● **TASK BRIEF**: When writing out the listing below, reproduce every word exactly and skip the pictures.

● **INFORMATION PROVIDED**:
★ ★ ★ ★ ★
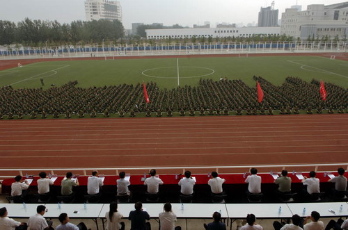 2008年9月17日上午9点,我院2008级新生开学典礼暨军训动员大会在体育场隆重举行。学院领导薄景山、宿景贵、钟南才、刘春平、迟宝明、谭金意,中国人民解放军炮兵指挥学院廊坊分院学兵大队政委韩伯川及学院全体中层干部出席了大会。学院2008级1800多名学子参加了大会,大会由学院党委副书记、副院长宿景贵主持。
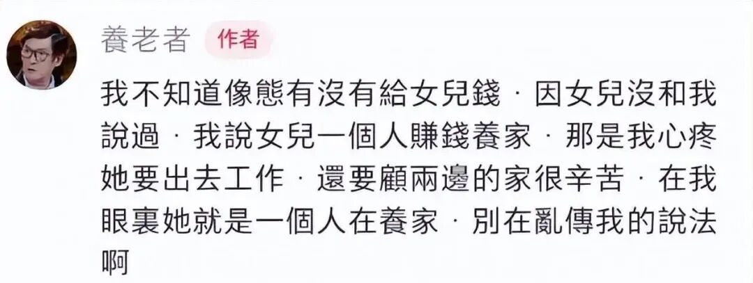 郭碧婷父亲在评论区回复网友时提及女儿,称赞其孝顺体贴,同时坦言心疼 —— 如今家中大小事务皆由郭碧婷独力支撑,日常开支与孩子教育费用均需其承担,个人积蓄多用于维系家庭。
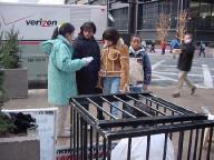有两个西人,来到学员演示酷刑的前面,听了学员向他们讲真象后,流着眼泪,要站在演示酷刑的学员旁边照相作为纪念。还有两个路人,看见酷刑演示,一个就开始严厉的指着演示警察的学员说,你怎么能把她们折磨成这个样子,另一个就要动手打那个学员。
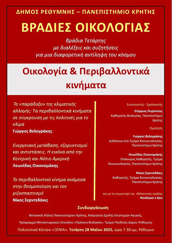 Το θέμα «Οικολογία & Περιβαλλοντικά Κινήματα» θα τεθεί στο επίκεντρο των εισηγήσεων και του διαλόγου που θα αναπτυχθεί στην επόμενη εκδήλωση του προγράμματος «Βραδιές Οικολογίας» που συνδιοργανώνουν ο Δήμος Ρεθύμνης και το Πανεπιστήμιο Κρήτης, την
★ ★ ★ ★ ★
● **WRITTEN RESPONSE**:
 2008年9月17日上午9点,我院2008级新生开学典礼暨军训动员大会在体育场隆重举行。学院领导薄景山、宿景贵、钟南才、刘春平、迟宝明、谭金意,中国人民解放军炮兵指挥学院廊坊分院学兵大队政委韩伯川及学院全体中层干部出席了大会。学院2008级1800多名学子参加了大会,大会由学院党委副书记、副院长宿景贵主持。
 郭碧婷父亲在评论区回复网友时提及女儿,称赞其孝顺体贴,同时坦言心疼 —— 如今家中大小事务皆由郭碧婷独力支撑,日常开支与孩子教育费用均需其承担,个人积蓄多用于维系家庭。
有两个西人,来到学员演示酷刑的前面,听了学员向他们讲真象后,流着眼泪,要站在演示酷刑的学员旁边照相作为纪念。还有两个路人,看见酷刑演示,一个就开始严厉的指着演示警察的学员说,你怎么能把她们折磨成这个样子,另一个就要动手打那个学员。
 Το θέμα «Οικολογία & Περιβαλλοντικά Κινήματα» θα τεθεί στο επίκεντρο των εισηγήσεων και του διαλόγου που θα αναπτυχθεί στην επόμενη εκδήλωση του προγράμματος «Βραδιές Οικολογίας» που συνδιοργανώνουν ο Δήμος Ρεθύμνης και το Πανεπιστήμιο Κρήτης, την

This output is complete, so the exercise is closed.